Charles Arthur “Charlie” Salvador (better known as Charles Bronson and born Michael Gordon “Mickey” Peterson; 6 December 1952) is an English criminal who is often referred to in the British press as the “most violent prisoner in Britain” and “Britain’s most notorious prisoner”. He has also spent periods detained in the Rampton, Broadmoor and Ashworth high-security psychiatric hospitals.

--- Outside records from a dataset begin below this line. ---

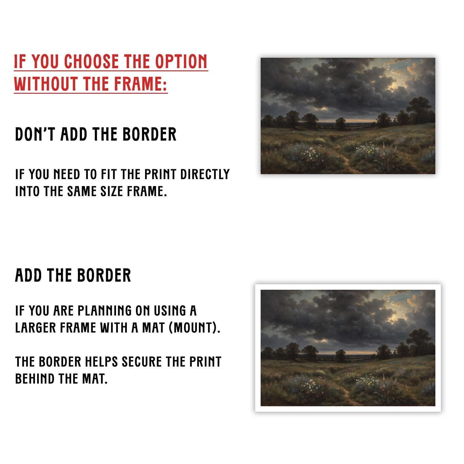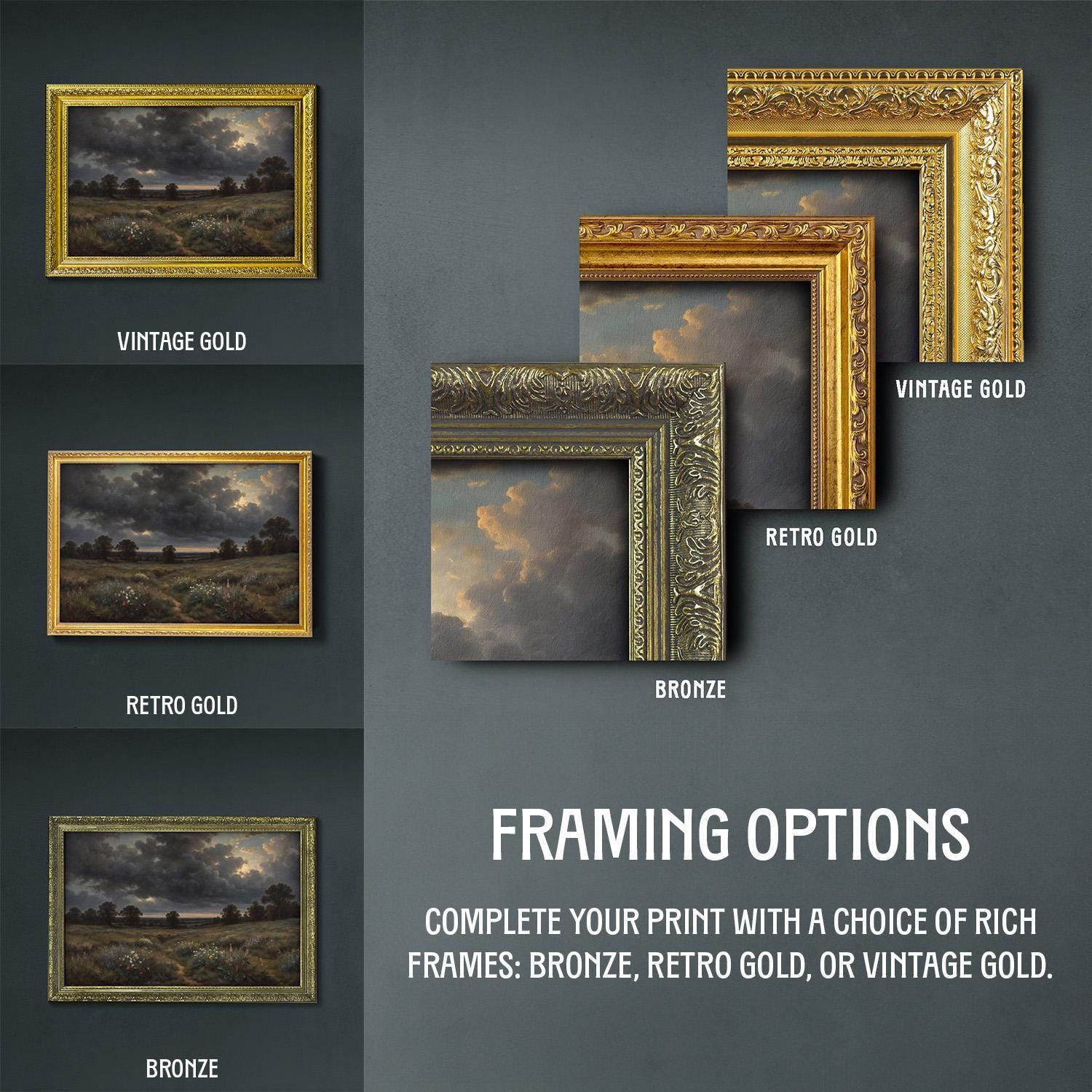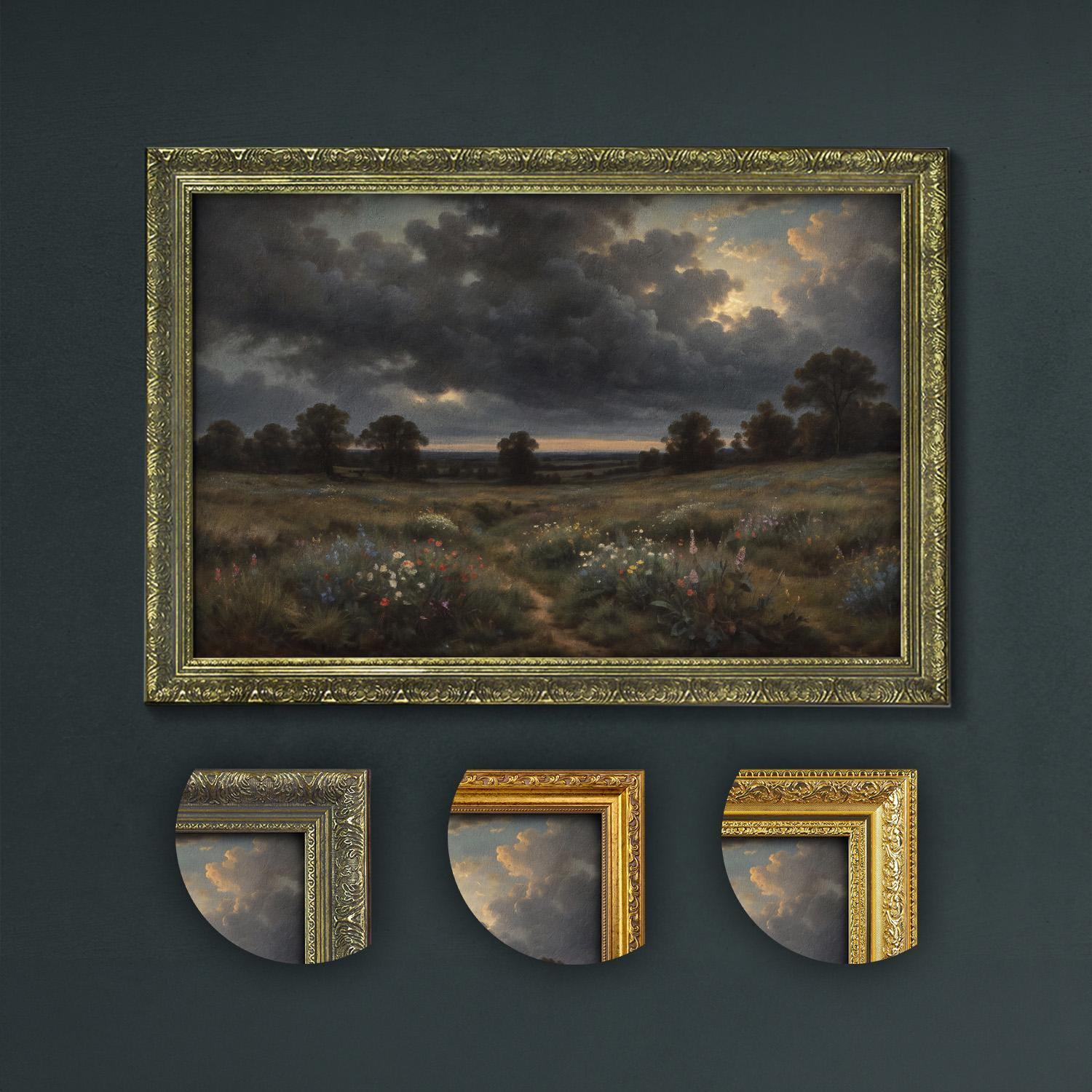 Step into a dark academia twilight landscape where stormy skies meet wildflowers, creating a gothic flower print that adds moody, vintage charm to your natural wall decor.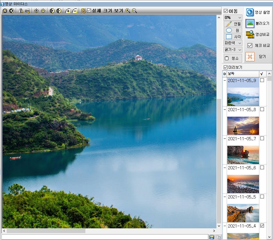 영상마이다스 화면에서 날짜별 미리보기 기능을 지원합니다.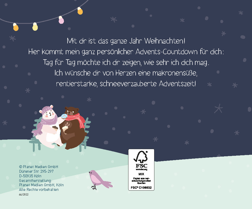 Hier kommt ein ganz persönlicher Advents-Countdown für deine Liebsten: Tag für Tag kannst du ihnen damit zeigen, wie sehr du sie magst. 24 liebevoll illustrierte Blätter mit Sprüchen und Wünschen schenken Freude und zaubern täglich ein Lächeln aufs Gesicht deiner Freunde. Der praktische Tisch-Adventskalender zum Aufstellen ist die perfekte vorweihnachtliche Deko fürs Büro oder für Zuhause.

Born in Luton, Bedfordshire (although the Daily Mirror reported that he was born in Aberystwyth, Wales), he became a petty criminal before being sentenced to seven years’ imprisonment for armed robbery in 1974. While in prison, he began making a name for himself as a loose cannon, often fighting convicts and prison officers. He also embarked on one-man rooftop protests, often vandalising prison buildings. Regarded as a “problem prisoner”, he was moved 120 times through Her Majesty’s Prison Service and spent most of that time in solitary confinement. What was originally a seven-year term stretched out to a fourteen-year sentence that resulted in his first wife, Irene, with whom he had a son, leaving him. He was released on 30 October 1988, but spent merely sixty-nine days as a free man before he was arrested again.
Bronson is one of the highest-profile criminals in Britain and has been featured in books, interviews, and studies in prison reform and treatment. In his own words: “I’m a nice guy, but sometimes I lose all my senses and become nasty. That doesn’t make me evil, just confused.” He was the subject of the 2008 film Bronson starring Tom Hardy, a biopic based loosely around his life. Bronson has written many books about his experiences and famous prisoners he has met throughout his incarceration. A self-declared fitness fanatic who has spent many years in segregation, Bronson dedicated a book to working out in confined spaces. He has also cultivated a reputation as an outsider artist, with his paintings and illustrations of prison and psychiatric hospital life being publicly exhibited and winning him multiple awards.
In 2014 he announced that he was changing his name again, this time to Charles Salvador in a mark of respect to one of his favourite artists, Salvador Dalí, and to distance himself from his existing reputation. The Charles Salvador Art Foundation was founded to promote his artwork and “help those in positions even less fortunate than his own” to participate in art.